I lay my head back down and sighed. “So we’re going to have a bunch of people walking injured and on rationed food.”

“Yeah, unless you wanna send some of the group ahead or to Des Moines for supplies, but that would leave those who stayed behind exposed to any raiders or roaming Cultists.”

“Got it.” I heaved a sigh and turned my face toward Natalie again, who resumed brushing my hair as she shook off whatever was on her mind.

“We can search around here for supplies to buy us a little more time, probably.” Natalie looked down at me and then over at Cam. “I think we could get us up to three weeks of light rationing to recover and then a one week slow-travel period on full rationing to get to the first cache.”

“If the supplies are still there.” Cam set her instruments down with a clank and moved over to a tub near the wall to wash her hands. I picked up my head to glance at my leg and realized she’d stitched up every wound already.

“I’ll get the crews organized in the morning,” Natalie heaved a sigh and turned her attention to the far-off distance. “I’ll need to set some people on the burial crew, though.”

Cam nodded and then, after a moment, said “yeah. I don’t think we can let that go very long. Everyone needs to rest before we get back to business, though. Even me.”

I was about to agree and say I’d try to talk to everyone that night, but a massive yawn interrupted my thoughts and I felt my jaw creak from the immensity of it.

Natalie turned back to look at me and then gave a much smaller yawn in response. “You need more sleep. It’s only been six hours since Lucas dragged you out of here, if that.”

“Oh, that long?” I tried to push myself up, but all of my muscles felt weak again.

“Yeah.” Cam walked over, hands clean, and helped me to my feet. “You’re going back to bed, mister ‘walking off a nasty shrapnel wound a less than twelve hours after being beat to shit.’”

Natalie gently put a hand on my cheek to forestall the argument I was putting together as she slipped under one of my arms and took me from Cam. “C’mon, Marshall. I’ve got our bedrolls set up with the others. You and me are both on light duty right now, so we can work once we’ve gotten more sleep.”

“Fine.” I yawned again and leaned into Natalie. “I think the pain was most of what was keeping me awake, anyway.”

“Good.
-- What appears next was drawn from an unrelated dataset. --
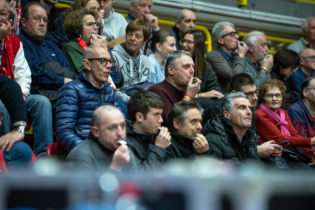 Pochi minuti prima dell’inizio della gara, con il supporto dello speaker dell’arena, il pubblico è stato invitato a unirsi a un momento di forte impatto emotivo: un minuto senza musica, durante il quale tutto il pubblico e gli staff delle due squadre sono stati invitati a fischiare insieme, in un gesto simbolico di denuncia.

Now go sleep.” Cam opened the door for Natalie and I, shooing us out. “Your face is giving me nightmares and I’m not even going to bed soon.”

“Whatever.” I yawned again. “Glad you’re both alive, still.”

Natalie gave me a light squeeze as Cam said from behind me “you too, Mar. Now go.”

I nodded, not trusting myself to open my mouth without yawning again, and did my best to stumble along with Natalie as she took us to our beds, laid me down beside her, and tucked us both in. The last thing I remember before sleep overtook me was Natalie’s fingers in my hair and the two of us murmuring “I love you” as we drifted off.